• Records:
------------------------------------------------------------------------

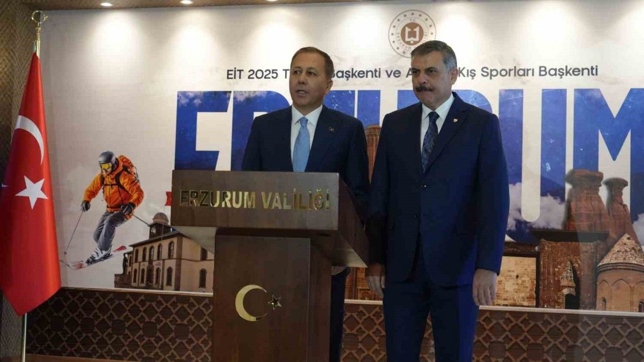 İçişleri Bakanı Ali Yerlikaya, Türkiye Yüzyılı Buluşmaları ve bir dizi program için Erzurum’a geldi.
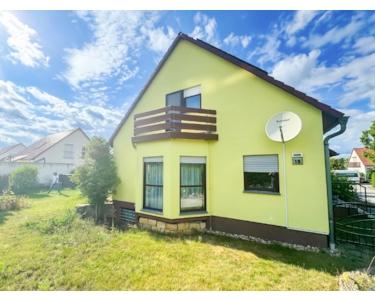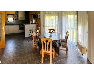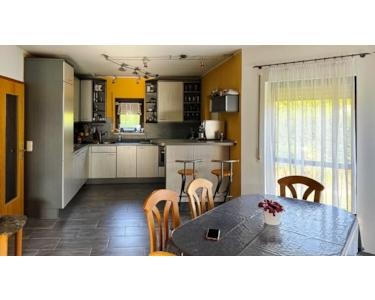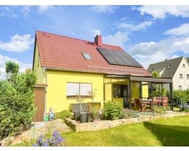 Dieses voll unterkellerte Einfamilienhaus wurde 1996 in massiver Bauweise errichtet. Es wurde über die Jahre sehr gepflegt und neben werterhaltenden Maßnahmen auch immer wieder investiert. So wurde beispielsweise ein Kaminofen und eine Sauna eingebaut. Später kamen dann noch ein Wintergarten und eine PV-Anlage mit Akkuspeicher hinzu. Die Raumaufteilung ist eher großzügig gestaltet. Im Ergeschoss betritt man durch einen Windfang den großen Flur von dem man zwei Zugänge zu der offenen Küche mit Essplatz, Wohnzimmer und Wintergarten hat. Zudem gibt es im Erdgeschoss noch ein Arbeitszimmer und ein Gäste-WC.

------------------------------------------------------------------------

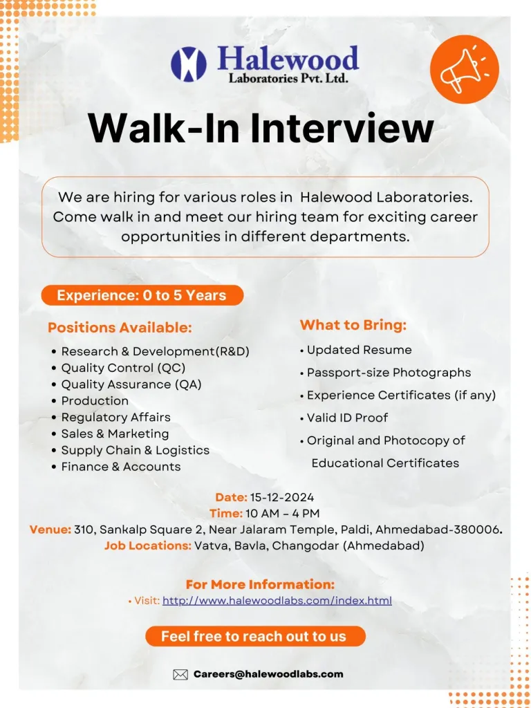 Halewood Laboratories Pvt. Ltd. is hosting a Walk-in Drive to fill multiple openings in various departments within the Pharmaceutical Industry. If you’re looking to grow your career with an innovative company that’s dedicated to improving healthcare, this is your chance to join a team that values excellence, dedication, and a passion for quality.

------------------------------------------------------------------------

• Problem statement: Of the lines above, quote exactly those from the one with "İçişleri Bakanı Ali" through the one with "Dieses voll unterkellerte", ends included; pictures stay out.

• Response to the exercise:
 İçişleri Bakanı Ali Yerlikaya, Türkiye Yüzyılı Buluşmaları ve bir dizi program için Erzurum’a geldi.
 Dieses voll unterkellerte Einfamilienhaus wurde 1996 in massiver Bauweise errichtet. Es wurde über die Jahre sehr gepflegt und neben werterhaltenden Maßnahmen auch immer wieder investiert. So wurde beispielsweise ein Kaminofen und eine Sauna eingebaut. Später kamen dann noch ein Wintergarten und eine PV-Anlage mit Akkuspeicher hinzu. Die Raumaufteilung ist eher großzügig gestaltet. Im Ergeschoss betritt man durch einen Windfang den großen Flur von dem man zwei Zugänge zu der offenen Küche mit Essplatz, Wohnzimmer und Wintergarten hat. Zudem gibt es im Erdgeschoss noch ein Arbeitszimmer und ein Gäste-WC.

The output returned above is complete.